HOWTO create a network in CloudStack without a Virtual Router

10 March 2012 — 16 Comments

Networking in CloudStack 3.0 is awesome; the Virtual Router provides many cool features like LoadBalancing, PortForwarding, (s)NAT, DHCP, VPN and so on. When a new network is created and being used, a Virtual Router is automatically launched to support these features. Since the Virtual Router is a Single Point of Failure, you should turn on the HA (High Available) option; which actually addes a 2nd Virtual Router on each network. While this is pretty cool, it makes the number of System VM’s go up and when you don’t need them it’s kind of wasting resources.

For example, when I was creating a network for the web servers to talk privately to the database, I didn’t need a Virtual Router. All I want is them to be able to do networking to each other and that is all. When using the default settings, a Virtual Router is launched anyway.

So how to tell CloudStack you don’t need a Virtual Router? Well, this is done through Service Offerings. You find this option on the menu at the left, it’s the last option. Select Network Offerings and a list is displayed.


Click Add Network Offering at the right and fill in the form. When you do not select any service, you’ll create a Network Offering for which CloudStack does not spin off Virtual Routers.

Now, when you create a new Guest Network, make sure to select the Network Offering you just created. This will make sure your new Guest network will have no Virtual Router launched when in use 🙂

Update: I’ve written another blog with more details on how to use this network. Also have a look at the comments in both blogs for some examples and idea’s. Feel free to ask me any questions you have below!

16 responses to HOWTO create a network in CloudStack without a Virtual Router

  1. 

    It’s possible to add a network without router and public traffic ?

    • 

      Yes, that is possible. When you create a network as I describe above, you’ll have a network (vlan based) with no services. In fact, to allow public traffic you’ll have to add a router service. Just don’t add a router if you want a private network.

      Where I work we use both private and public networks in CloudStack. Please let me know if you need any more help.

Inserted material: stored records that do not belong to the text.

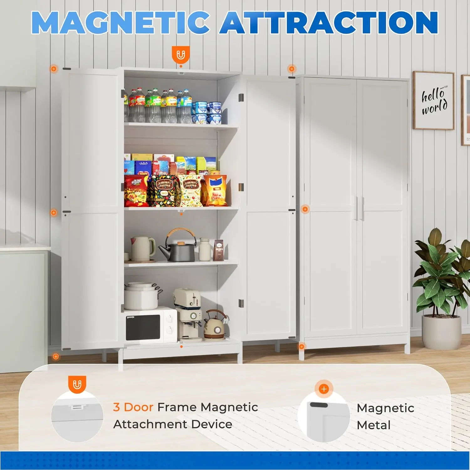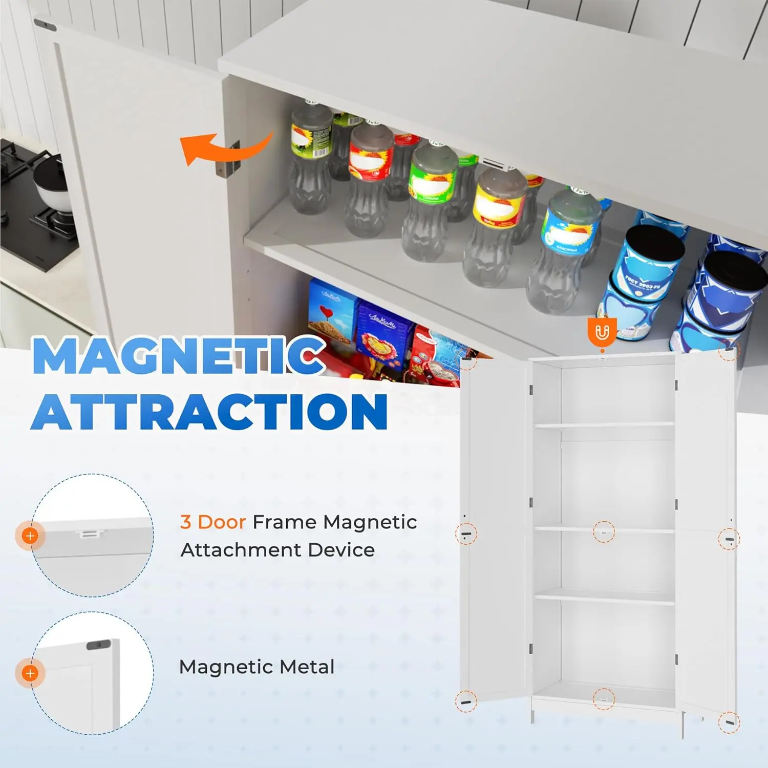 ·There are three magnets on the top, middle, and bottom of the panel of this white cabinet. You can close the door easily, also, door magnets ensure a silent, gentle close. Cabinet keeps dust and kitchen odors out while protecting against moisture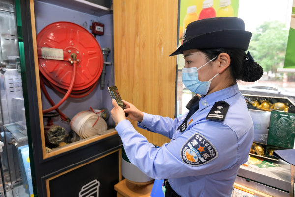 华丽(中)在辖区内的网吧检查制度落实情况。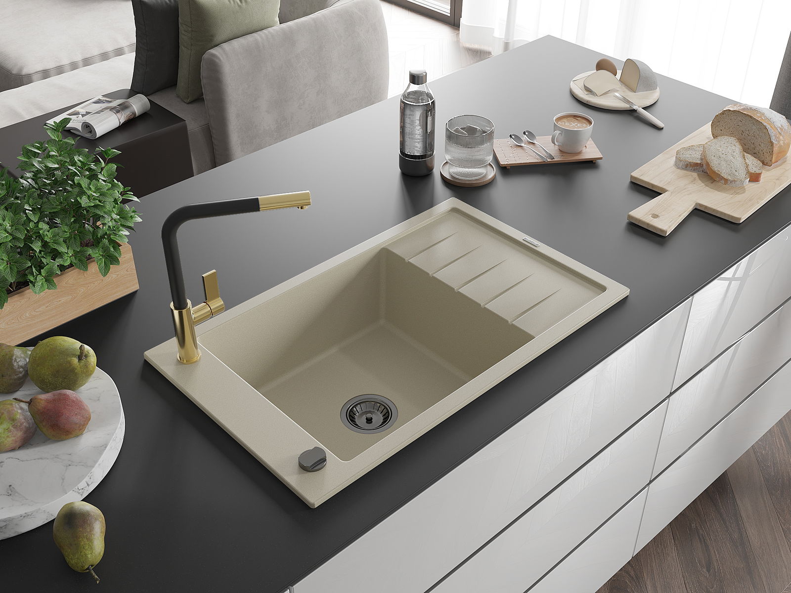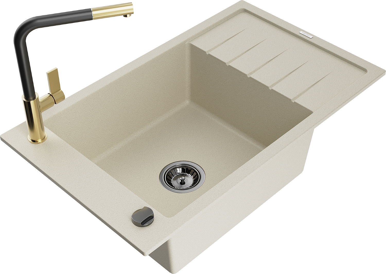 Mexen Elias granito virtuvės kriauklė su vienu dubeniu ir nutekamu, su Flora virtuviniu maišytuvu, smėlio - 6511-69-670401-57-B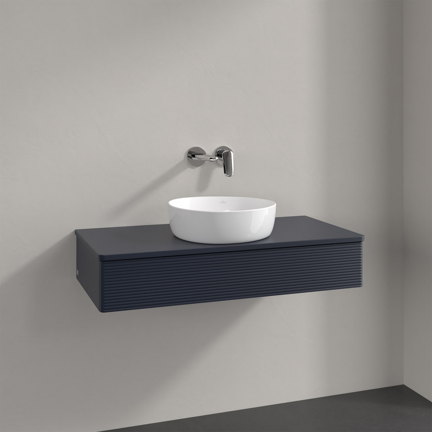 Villeroy & Boch Antao Waschbeckenunterschrank, 100 x 19 cm, 1 Auszug mit LED-Licht, Front mit Struktur, mit Hahnloch

      (resent this response since it got lost)

  2. 

    You can do this with a custom script leveraging the API too.

  3. 

    your solution doesn’t work for me. I tried this on Cloudstack 3.0.2 and am able to create and enable such virtual router but it isn’t available for selection, when I’m creating new instance… I filled in all the fields but the services (like you suggested, I didn’t select any), and I also left the “tag” window blank. The only other difference I noticed between dialog I got and the one you posted screenshot of, is, that I don’t have “Traffic type” field in the create network offering dialogue.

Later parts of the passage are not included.